ANOTHER “heads up”. ALL READERS should log on to the most recent blog on the Astro Wright website, dealing with “outre ideas”, and read my response ASAP! THEN: RSVP on the most recent SETI post on this website(I think it is the one about FRB’s as propulsion for lightsails)!!!
Re: Heidi Fern Mach Effect Thruster.
These devices Seems to be the most likely to yield undisputable results.
and seem grounded in a theory (Mach inertia derived from W-F absorber theory) that negates the Perpetual motion machine argument.
Unfortunately, the effect is much smaller in magnitude than Sonny White’s
laboratory results. And the great caveat, that is a lot charge being placed on
those Piezo Electric devices. Are there good papers on how they behave at high voltages and currents, individual as well as stacked PZ configurations?
Rob, I don’t have the answer on papers on this effect, but I’m looking into a Tau Zero review of the concept that would appear here and contain that information. I hope I can get this together some time soon, though much depends on the schedule of possible contributors.
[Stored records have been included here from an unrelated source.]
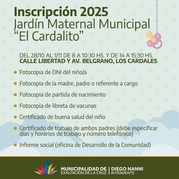 Comenzará la inscripción a los Jardines Maternales Municipales de Capilla del Señor y Los Cardales, y el nuevo CDI de Parada Robles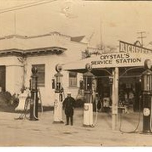 Photo--black and white: Crystal's Service Station on east side of Main Street in Sebastopol between Wilton and McKinley. Richfield Gasoline.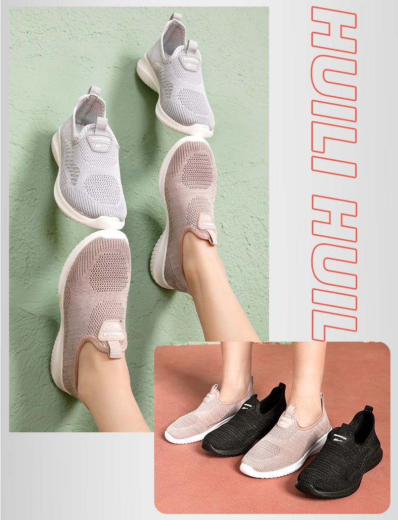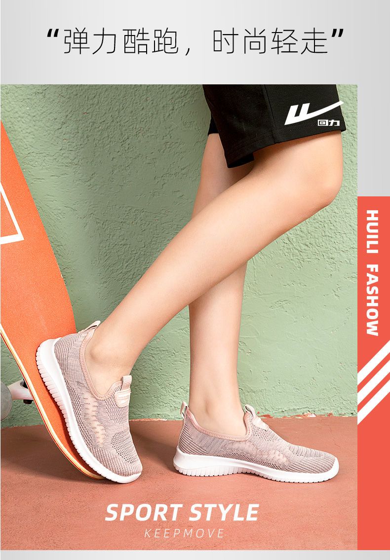 回力女鞋健步鞋2025新款秋季一脚蹬休闲运动鞋网面透气软底妈妈鞋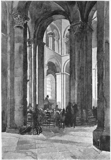 The theatre has a voice as well, but it lingers on the ear of time with a different music. The Roman theatre at Arles seemed to me one of the most charming and touching ruins I had ever beheld; I took a particular fancy to it. It is less than a skeleton—the arena may be called a skeleton—for it consists only of half a dozen bones. The traces of the row of columns which formed the scene—the permanent back-scene—remain; two marble pillars—I just mentioned them—are upright, with a fragment of their entablature. Before them is the vacant space which was filled by the stage, with the line of the proscenium distinct, marked by a deep groove impressed upon slabs of stone, which looks as if the bottom of a high screen had been intended to fit into it. The semicircle formed by the seats—half a cup—rises opposite; some of the rows are distinctly marked. The floor, from the bottom of the stage, in the shape of an arc of which the chord is formed by the line of the orchestra, is covered by slabs of coloured marble—red, yellow and green—which, though terribly battered and cracked to-day, give one an idea of the elegance of the interior. Everything shows that it was on a great scale: the large sweep of its enclosing walls, the massive corridors that passed behind the auditorium and of which we can still perfectly take the measure. The way in which every seat commanded the stage is a lesson to the architects of our epochs, as also the immense size of the place is a proof of extraordinary power of voice on the part of the Roman actors. It was after we had spent half an hour in the moonshine at the arena that we came on to this more ghostly and more exquisite ruin. The principal entrance was locked, but we effected an easy escalade, scaled a low parapet, and descended into the place behind the scenes. It was as light as day, and the solitude was complete. The two slim columns, as we sat on the broken benches, stood there like a pair of silent actors. What I called touching just now was the thought that here the human voice, the utterance of a great language, had been supreme. The air was full of intonations and cadences; not of the echo of smashing blows, of riven armour, of howling victims and roaring beasts. The spot is, in short, one of the sweetest legacies of the ancient world; and there seems no profanation in the fact that by day it is open to the good people of Arles, who use it to pass, by no means in great numbers, from one part of the town to the other; treading the old marble floor and brushing, if need be, the empty benches. This familiarity does not kill the place again; it makes it, on the contrary, live a little—makes the present and the past touch each other.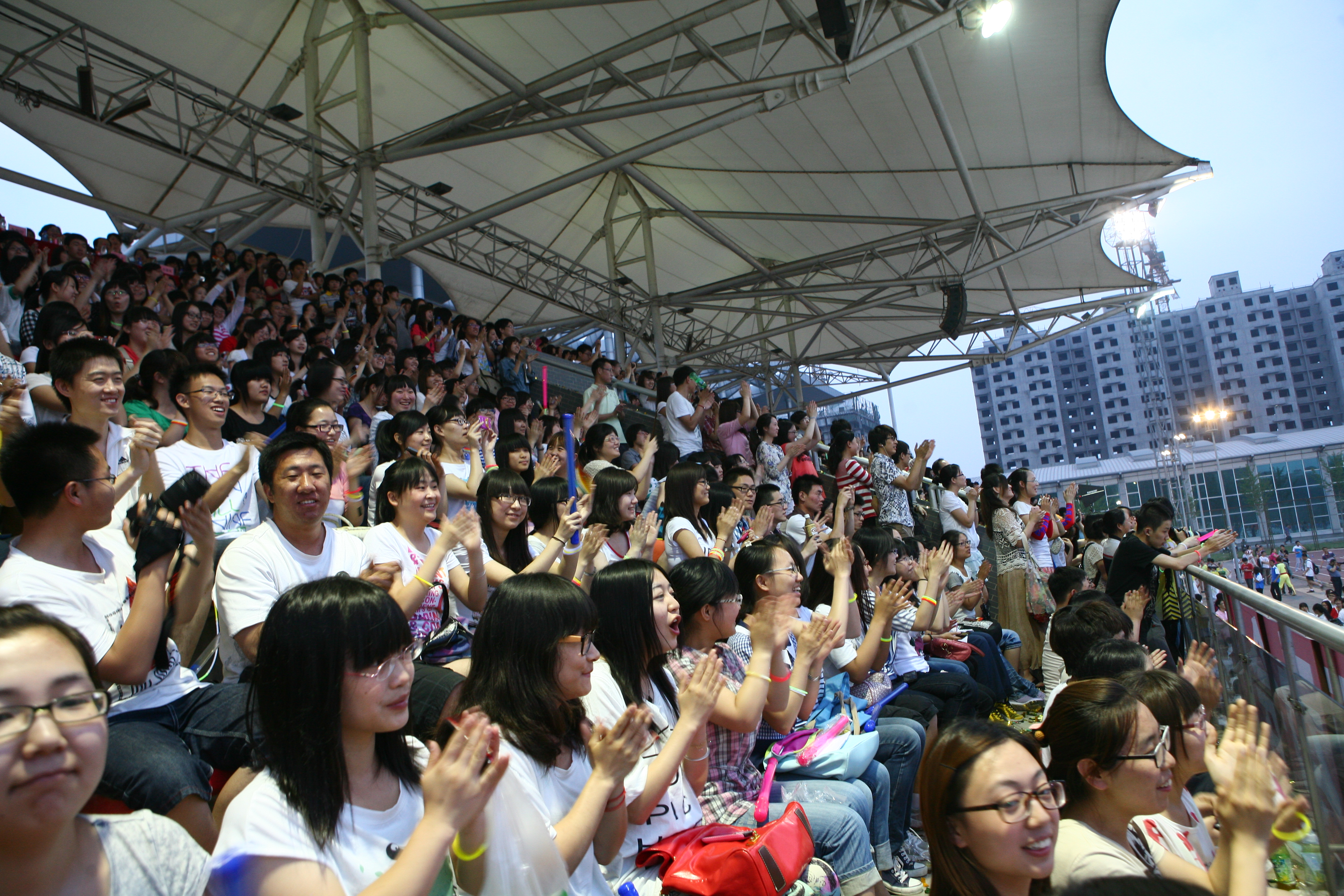 在“齊心協力向前跑”的節目中,來自材料與機械工程學院和食品學院的學生們身穿紅、橙、黃、綠、藍等顏色鮮艷的制服,踏著激情的南非世界杯歌曲《旗幟飄揚》,肩并著肩如同一道道排浪,將開幕式又一次推向了高潮。

W-F Absorber theory seems rather speculative itself and makes assumptions about how the universe works. And how would it negate the perpetual motion machine argument? Where would the energy come from because it’s going to gain more kinetic energy than is directly put into it in some frame. Even Woodward states this yet he doesn’t see it as a problem anymore than Shawyer does. They both see it as a phony problem based on flawed assumptions.
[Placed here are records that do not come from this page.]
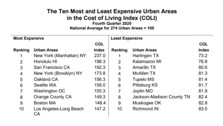 美國社區和經濟研究委員會(Council for Community and Economic Research)根據普通消費品和服務的平均成本計算出了生活成本指數(cost of living index)。生活成本指數 100 分為全國平均水平,小于 100 的數字表示生活成本相對較低,而大于 100 的則相反。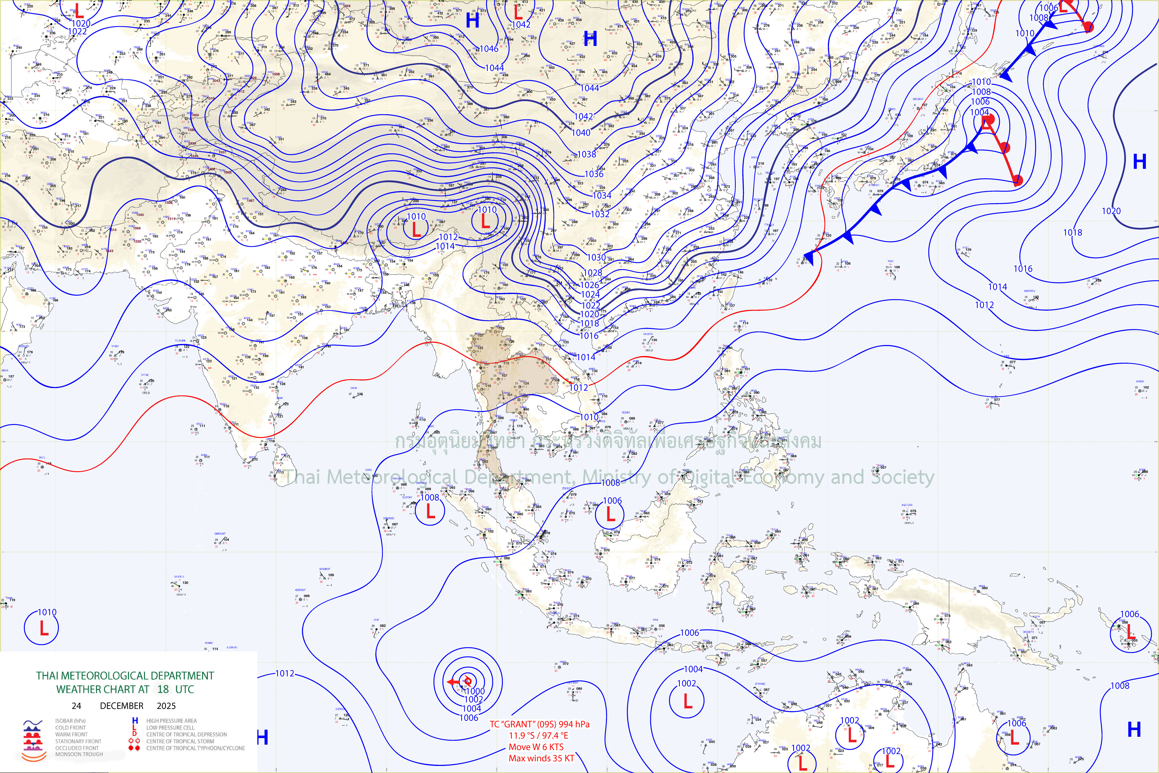 สำหรับประเทศไทยตอนบนจะมีอุณหภูมิลดลง กับมีลมแรง เนื่องจากบริเวณความกดอากาศสูงหรือมวลอากาศเย็นกำลังค่อนข้างแรงอีกระลอกหนึ่งจากประเทศจีนได้แผ่ลงมาปกคลุมประเทศจีนตอนใต้และประเทศเวียดนามตอนบนแล้ว คาดว่าจะแผ่ลงมาปกคลุมประเทศไทยตอนบนในวันนี้ (25 ธ.ค.) ขอให้ประชาชนบริเวณประเทศไทยตอนบนดูแลรักษาสุขภาพเนื่องจากสภาพอากาศที่หนาวเย็นลง รวมถึงให้ระวังอันตรายจากอัคคีภัยที่อาจเกิดขึ้นเนื่องจากอากาศแห้งและลมแรงไว้ด้วย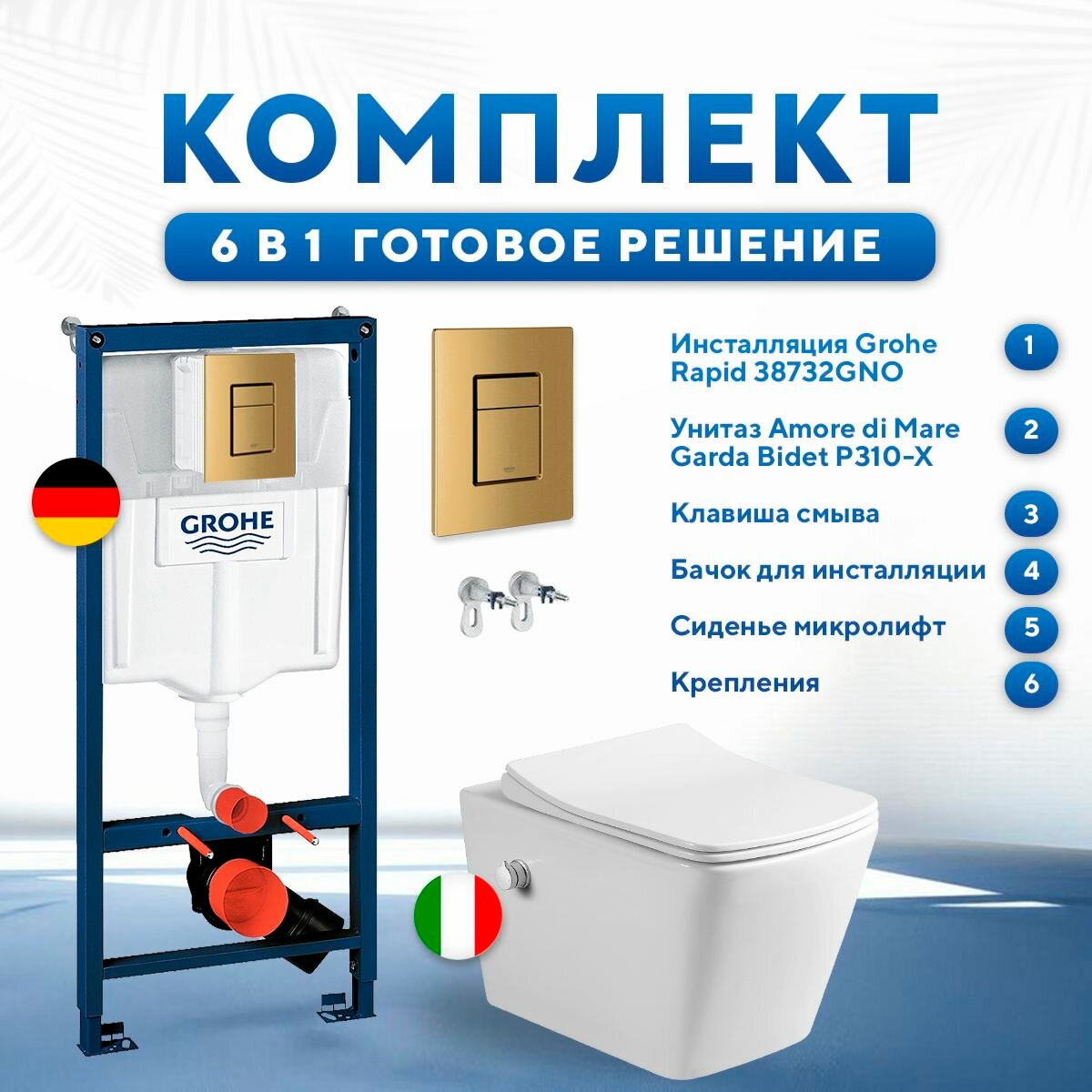 Инсталляция с унитазом 6 в 1: инсталляция Grohe 38772001 + унитаз Amore di Mare Garda Bidet P310-X + сиденье микролифт
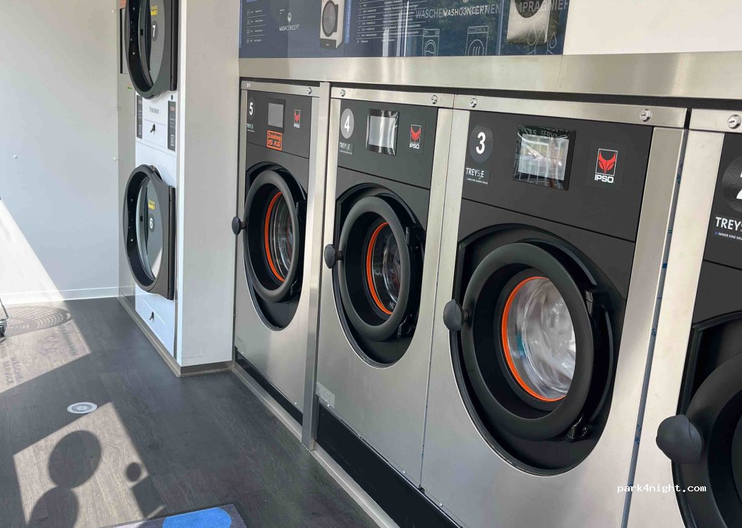 Alles sehr neu und sehr sauber, eine 15kg Maschine, vier normale Waschmaschinen und zwei Trocker mit verschiedenen Temperaturen. Danke an den Betreiber , wir kommen gern wieder
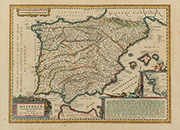 1670 ca. MAPA: (PENÍNSULA IBÉRICA). HONDIUM, HENRICUM: HISPANIAE VETERIS DESCRIPTIO. Amstelodami. Mapa grabado de 37,5 x 49,5 huella, 42 x 55,5 cm papel. Bonito coloreado, algo posterior, papel ligeramente tostado. Gran cartela con texto, en...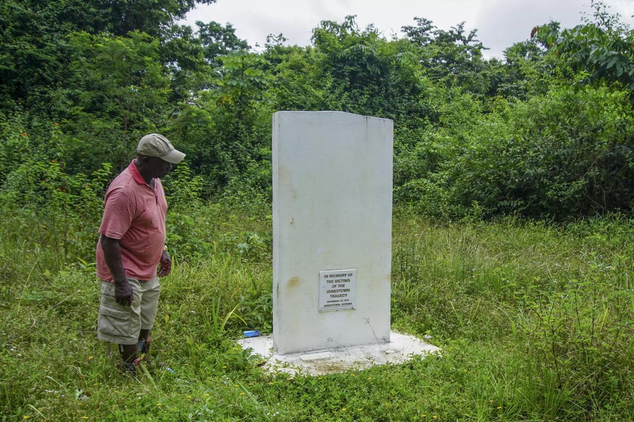 Fitz Duke, sống ở làng Port Kaituma gần Jonestown đứng trước một bia tưởng niệm các nạn nhân của vụ thảm sát rùng rợn Jonestown. Ảnh AFP

The work of Woodward/Fearn leads to the same exact issue as the EmDrive yet physicists somehow see it as more palatable because they claim the theory is more comprehensible. It’s also more palatable because the effect is a lot smaller which makes it less of a threat in the near term.
” And how would it negate the perpetual motion machine argument? ”
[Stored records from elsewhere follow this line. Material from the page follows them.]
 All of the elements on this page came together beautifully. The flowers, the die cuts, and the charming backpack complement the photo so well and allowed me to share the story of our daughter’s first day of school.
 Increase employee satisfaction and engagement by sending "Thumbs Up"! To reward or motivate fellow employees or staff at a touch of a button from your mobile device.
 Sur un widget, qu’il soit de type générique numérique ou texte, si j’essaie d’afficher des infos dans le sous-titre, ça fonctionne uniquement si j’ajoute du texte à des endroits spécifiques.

The argument against perpetual motion machines is that they have no input to explain their output. Input to a MET would be momentum from the rest of the universe.
It’s not free energy if you know where it’s coming from.
I agree with you that the momentum and energy has an apparent source so it’s not a PPM. The EmDrive would also do that but the theory is less clear. Still, if it worked, it’s mind boggling to think the stars would be in (I won’t say easy) reach with such technology as Fearn says a 5-9 Ly journey would be accomplished in some twenty years.
“A future goal would be interstellar travel to the nearest exoplanet, within 5-9 ly distance. A mission of this type might take 20 or more years using the MET thruster. ”
And also the goal of the work is to “Predict maximum thrust achievable by one device and how large an array of thrusters would be required to send a probe, of size 1.5m diameter by 3m, of total mass 1245 Kg including a modest 400 Kg of payload, a distance of 8 light years (ly) away.”
I almost can’t believe I’m even reading these statements being put forward as serious possibilities! I hope it proves out.
We are indeed living in interesting times.
Not long ago there wasn’t even a hint how these things may come to happen in practice.
Now there are experiments trying to prove the concepts.
Of course, it may turn out to be nothing. But if it is something… interesting times!
Some of these concepts could make plausible a probe to Planet Nine, if we find it.
Paul,
You’ve featured countless papers by many illustrious writers exploring, in the most general sense, the use of ‘beamed’ energy that would provide thrust for some sort of vehicle.
These vehicles all require gargantuan energy sources, energy that is quickly subsumed by the infernal Inverse Square Law.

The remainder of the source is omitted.